- _Supplied material_:
***

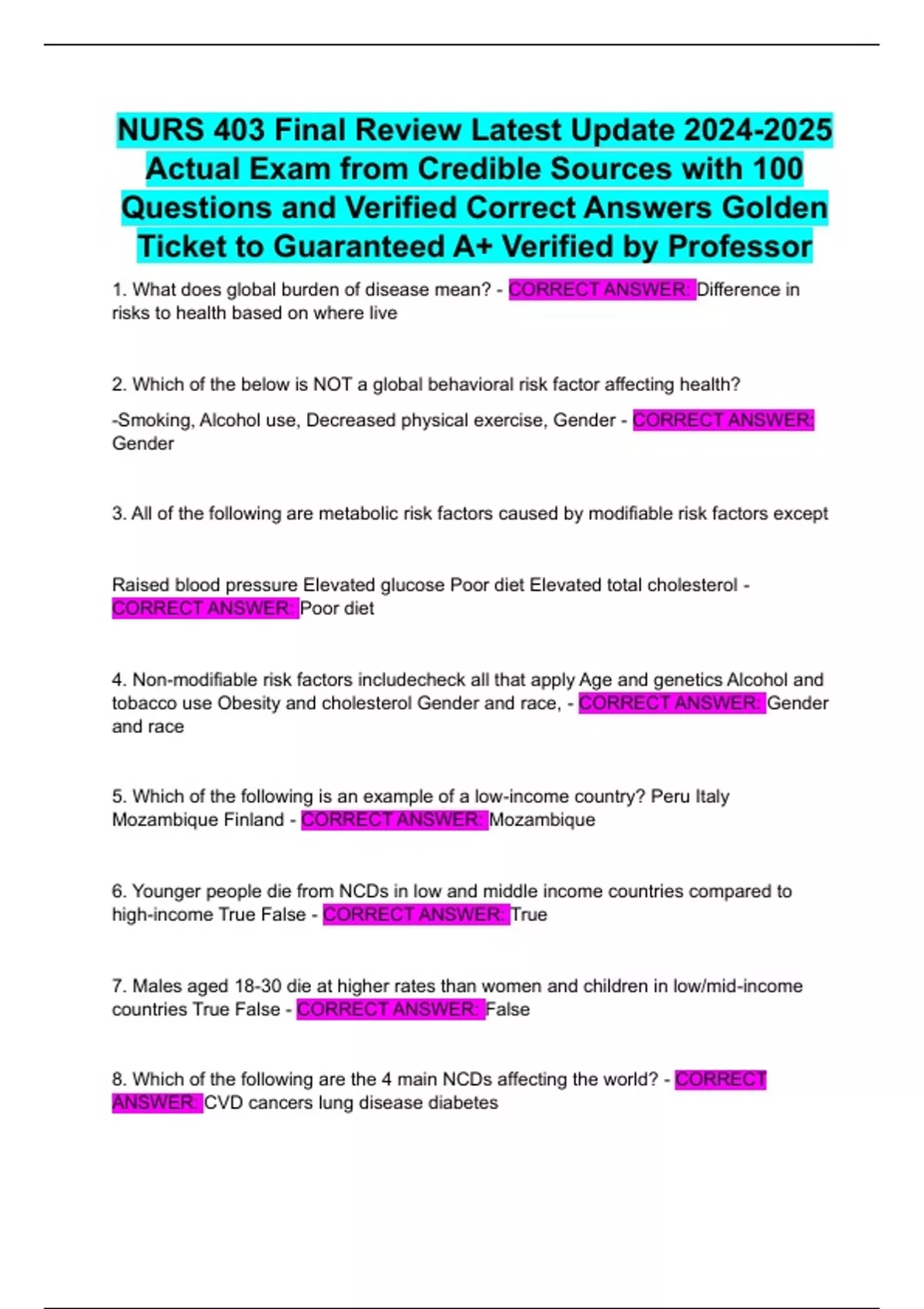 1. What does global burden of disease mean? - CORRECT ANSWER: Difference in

***

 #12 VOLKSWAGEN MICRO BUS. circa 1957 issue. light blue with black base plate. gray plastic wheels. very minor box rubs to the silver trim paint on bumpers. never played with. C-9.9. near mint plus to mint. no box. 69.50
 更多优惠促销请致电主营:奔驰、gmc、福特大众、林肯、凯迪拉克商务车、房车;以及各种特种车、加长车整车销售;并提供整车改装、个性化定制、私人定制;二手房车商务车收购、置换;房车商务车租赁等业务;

***

- _Activity_: Please give an exact copy of the entries above, from the line with "#12 VOLKSWAGEN MICRO" down to the line with "更多优惠促销请致电主营:奔驰", inclusive, and nothing else.

- _Response_:
 #12 VOLKSWAGEN MICRO BUS. circa 1957 issue. light blue with black base plate. gray plastic wheels. very minor box rubs to the silver trim paint on bumpers. never played with. C-9.9. near mint plus to mint. no box. 69.50
 更多优惠促销请致电主营:奔驰、gmc、福特大众、林肯、凯迪拉克商务车、房车;以及各种特种车、加长车整车销售;并提供整车改装、个性化定制、私人定制;二手房车商务车收购、置换;房车商务车租赁等业务;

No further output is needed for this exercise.